# Exercise
This task calls for the lines below starting at the one containing "Nähere Informationen zum" and ending at the one containing "Pär: I think", repeated exactly with both ends kept and pictures left out.

# Materials provided
——————————

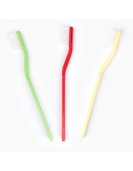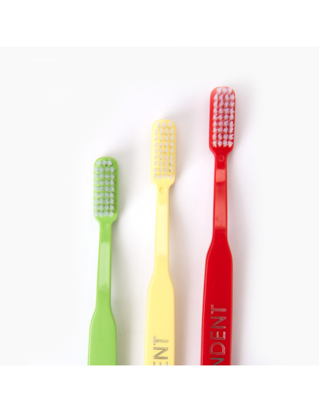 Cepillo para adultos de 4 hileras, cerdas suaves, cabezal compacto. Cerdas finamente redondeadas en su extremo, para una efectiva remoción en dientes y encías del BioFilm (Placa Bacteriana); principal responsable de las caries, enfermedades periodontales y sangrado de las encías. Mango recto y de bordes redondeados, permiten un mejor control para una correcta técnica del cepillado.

——————————

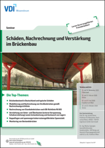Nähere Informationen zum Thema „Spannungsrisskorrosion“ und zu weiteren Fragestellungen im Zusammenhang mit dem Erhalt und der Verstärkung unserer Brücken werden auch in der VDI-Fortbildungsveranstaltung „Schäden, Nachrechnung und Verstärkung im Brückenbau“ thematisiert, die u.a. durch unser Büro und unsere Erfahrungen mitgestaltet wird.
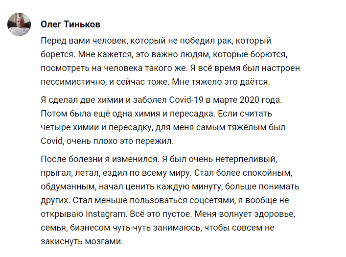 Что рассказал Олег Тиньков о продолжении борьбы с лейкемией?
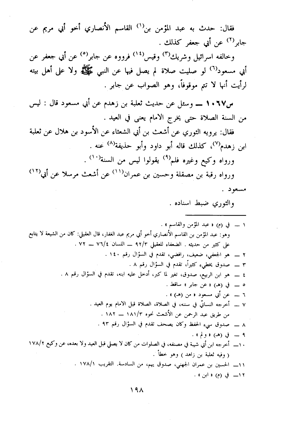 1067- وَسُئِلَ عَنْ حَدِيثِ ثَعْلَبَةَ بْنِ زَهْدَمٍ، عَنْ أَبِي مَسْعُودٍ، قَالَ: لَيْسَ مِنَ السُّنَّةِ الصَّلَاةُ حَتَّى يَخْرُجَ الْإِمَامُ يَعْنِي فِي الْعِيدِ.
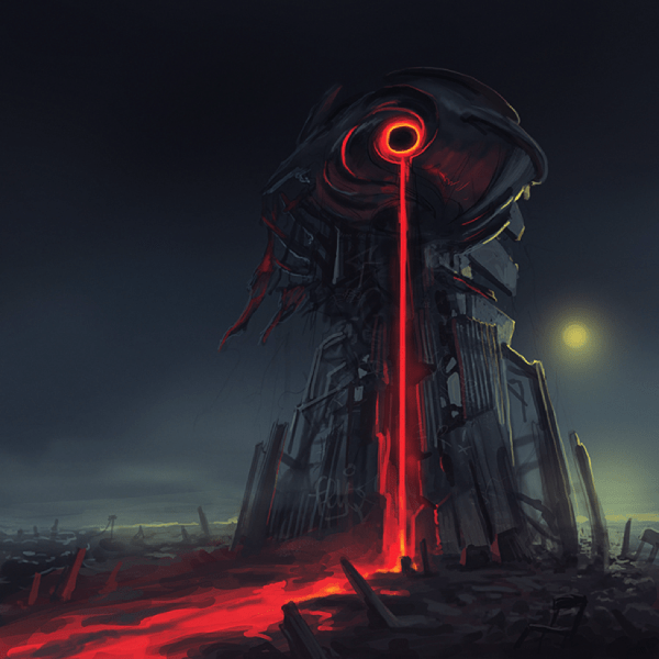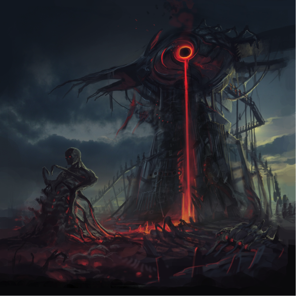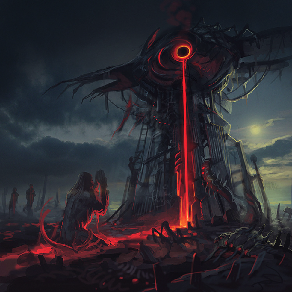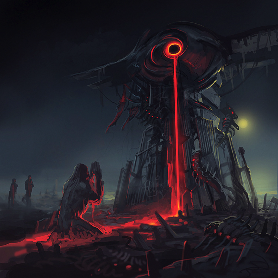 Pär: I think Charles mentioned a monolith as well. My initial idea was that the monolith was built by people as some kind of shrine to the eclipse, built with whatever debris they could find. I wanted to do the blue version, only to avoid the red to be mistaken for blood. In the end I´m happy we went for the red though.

——————————

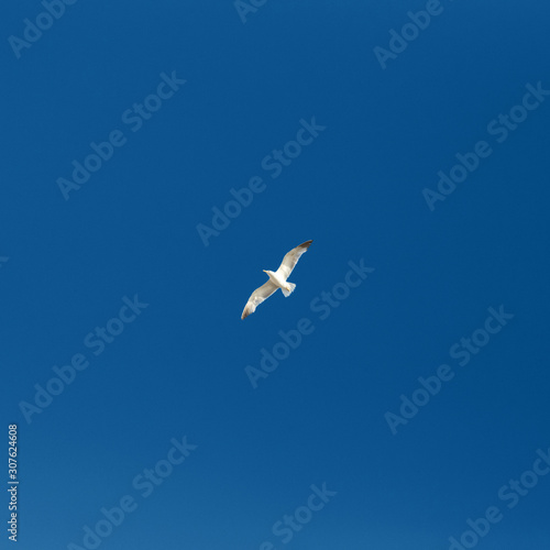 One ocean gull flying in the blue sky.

——————————

# Exercise result
Nähere Informationen zum Thema „Spannungsrisskorrosion“ und zu weiteren Fragestellungen im Zusammenhang mit dem Erhalt und der Verstärkung unserer Brücken werden auch in der VDI-Fortbildungsveranstaltung „Schäden, Nachrechnung und Verstärkung im Brückenbau“ thematisiert, die u.a. durch unser Büro und unsere Erfahrungen mitgestaltet wird.
 Что рассказал Олег Тиньков о продолжении борьбы с лейкемией?
 1067- وَسُئِلَ عَنْ حَدِيثِ ثَعْلَبَةَ بْنِ زَهْدَمٍ، عَنْ أَبِي مَسْعُودٍ، قَالَ: لَيْسَ مِنَ السُّنَّةِ الصَّلَاةُ حَتَّى يَخْرُجَ الْإِمَامُ يَعْنِي فِي الْعِيدِ.
 Pär: I think Charles mentioned a monolith as well. My initial idea was that the monolith was built by people as some kind of shrine to the eclipse, built with whatever debris they could find. I wanted to do the blue version, only to avoid the red to be mistaken for blood. In the end I´m happy we went for the red though.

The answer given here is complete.